Data:
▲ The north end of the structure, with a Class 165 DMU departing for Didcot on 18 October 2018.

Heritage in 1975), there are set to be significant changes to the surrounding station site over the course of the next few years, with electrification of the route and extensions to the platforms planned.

...

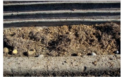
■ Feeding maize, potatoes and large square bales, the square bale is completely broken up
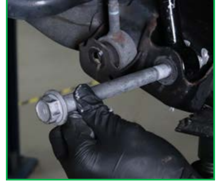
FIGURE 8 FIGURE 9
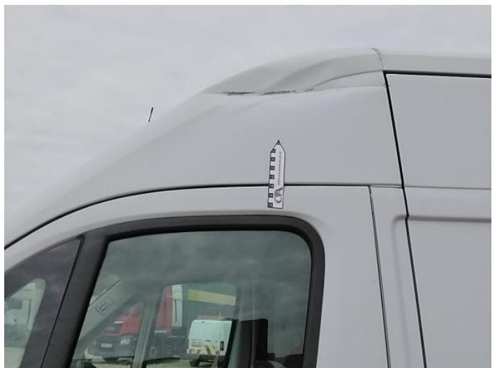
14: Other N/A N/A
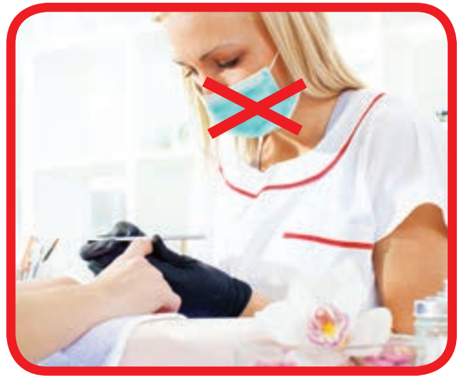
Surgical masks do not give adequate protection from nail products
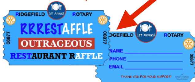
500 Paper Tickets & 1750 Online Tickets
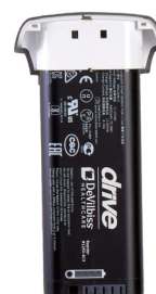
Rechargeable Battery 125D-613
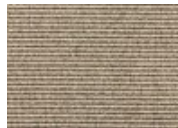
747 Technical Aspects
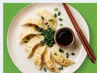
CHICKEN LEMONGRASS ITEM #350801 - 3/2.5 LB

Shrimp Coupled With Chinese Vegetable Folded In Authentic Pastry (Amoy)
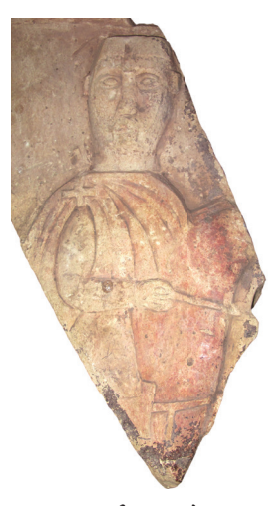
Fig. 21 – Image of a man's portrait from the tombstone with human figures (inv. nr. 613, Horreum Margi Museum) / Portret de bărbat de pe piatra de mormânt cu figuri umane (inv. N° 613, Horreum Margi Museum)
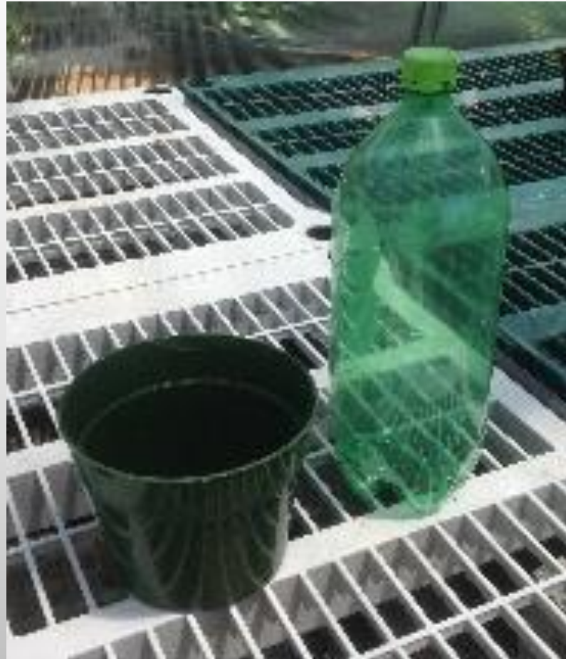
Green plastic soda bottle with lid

==

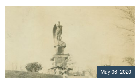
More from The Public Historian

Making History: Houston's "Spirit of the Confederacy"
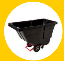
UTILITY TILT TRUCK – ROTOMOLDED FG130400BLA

Activity: Could you repeat exactly the lines above from the line with "18 October 2018." up to and including the line with "Heritage in 1975), there", and only those?

Finished exercise:
▲ The north end of the structure, with a Class 165 DMU departing for Didcot on 18 October 2018.

Heritage in 1975), there are set to be significant changes to the surrounding station site over the course of the next few years, with electrification of the route and extensions to the platforms planned.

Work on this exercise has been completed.